Cuba Siente la Presión: Escasez de Combustible y Gas Afecta la Vida Diaria
lunes, 12 de enero de 2026
En pocas palabras
La falta de combustible y gas licuado estrangula la vida diaria en Cuba, impactando desde el transporte hasta los hogares. Precios informales se disparan, la incertidumbre crece.
Mas detalles
Qué pasó
Una sombra pesada se extiende sobre Cuba, y no es de lluvia. La escasez de combustible y de gas doméstico aprieta la rutina de la gente. Se siente en el aire, en el transporte que apenas anda y en las cocinas que no encienden.
Esta carencia golpea a los pequeños oficios que dependen del gas y a las familias que necesitan encender sus fogones. Es un dilema que se vive de cerca en varias provincias, y los días se hacen más largos con la espera.
Dónde y cuándo
Este drama se desenvuelve ahora mismo, a principios de 2026, y tiene sus escenarios principales en Holguín y La Habana. En Holguín, donde el sol cae a plomo, se ven los efectos en quienes rellenan encendedores, un trabajo que languidece.
También las "balitas" de gas doméstico son un tesoro esquivo. En La Habana, la capital bulliciosa, las gasolineras lucen medio vacías o, peor aún, cerradas. Un triste telón para una ciudad que no se detiene.
Las colas para un turno de gasolina se hacen eternas, y los camiones estatales reciben prioridad, dejando a los particulares a la deriva. La gente, en fin, espera, con la mirada puesta en un horizonte incierto de esperanza.
Por qué es importante
Esto no es un asunto menor; es el latido de la vida misma que se ralentiza. Para las familias, significa que cocinar o calentar agua se vuelve una odisea, elevando el costo de vida a niveles insostenibles en el mercado informal.

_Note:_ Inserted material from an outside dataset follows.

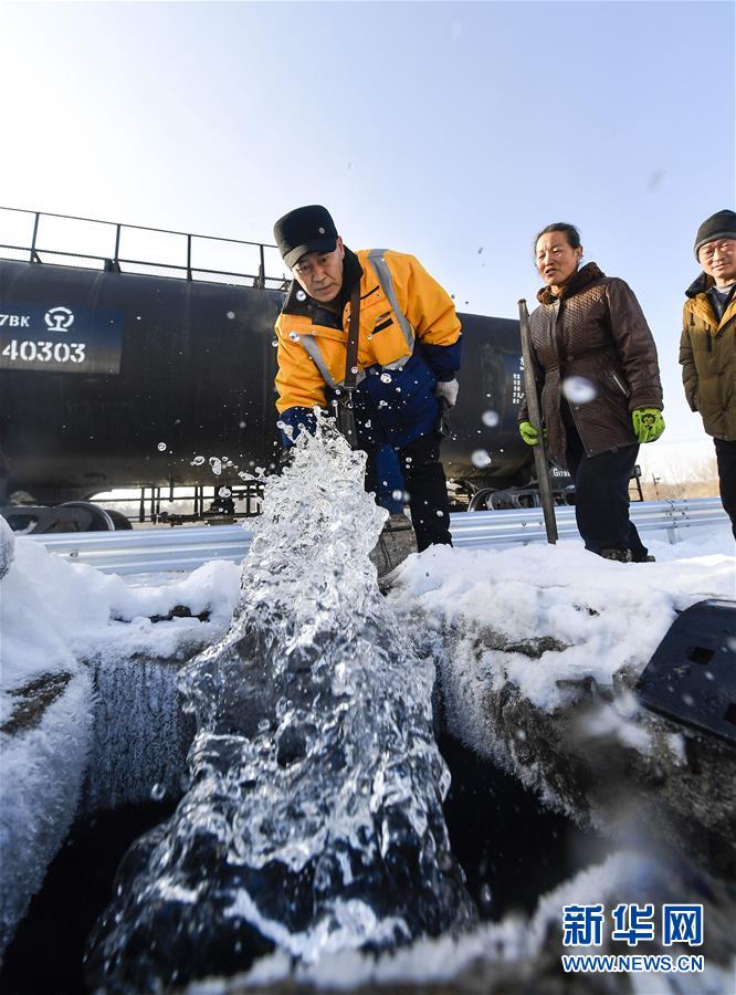 因?yàn)槎緶囟冗^低,送水員黃衛(wèi)東在蓄水前需要提前加熱閥門(1月17日攝)。新華社記者許暢攝

Para los transportistas y trabajadores, la movilidad es un lujo cada vez más inalcanzable, paralizando negocios y actividades esenciales. Es un freno a la rueda productiva, un nudo en la garganta de la economía doméstica y del día a día.
Qué dicen las partes
Los vecinos de Holguín cuentan su calvario con el gas, que en el mercado negro alcanza precios astronómicos. La "balita" de gas es un objeto de deseo que puede costar hasta 50.000 pesos cubanos, mientras los puntos estatales están secos hace semanas.
En La Habana, los grupos de Telegram hierven con reportes de gasolineras sin una gota. Los turnos para la gasolina, gestionados por una aplicación, tardan meses en llegar. Desde la empresa estatal Cupet, el silencio es la única respuesta; no hay noticias de nuevos cargamentos.
Y la situación se agrava por el lado de Venezuela, con la interrupción del suministro petrolero tras la captura del expresidente Nicolás Maduro por fuerzas estadounidenses. Es un golpe adicional a una isla que ya respiraba con dificultad.
Qué viene ahora
El horizonte es incierto, casi brumoso. La gente seguirá buscando alternativas, tal vez en el mercado informal, con sus precios desorbitados. La paciencia se pone a prueba cada día, y la improvisación se convierte en el pan de cada jornada.
Los ojos estarán puestos en el mar, esperando la llegada de algún barco que traiga alivio. Mientras tanto, la vida cubana, con su ingenio y resistencia, seguirá buscando el modo de avanzar, un paso a la vez, bajo el sol implacable.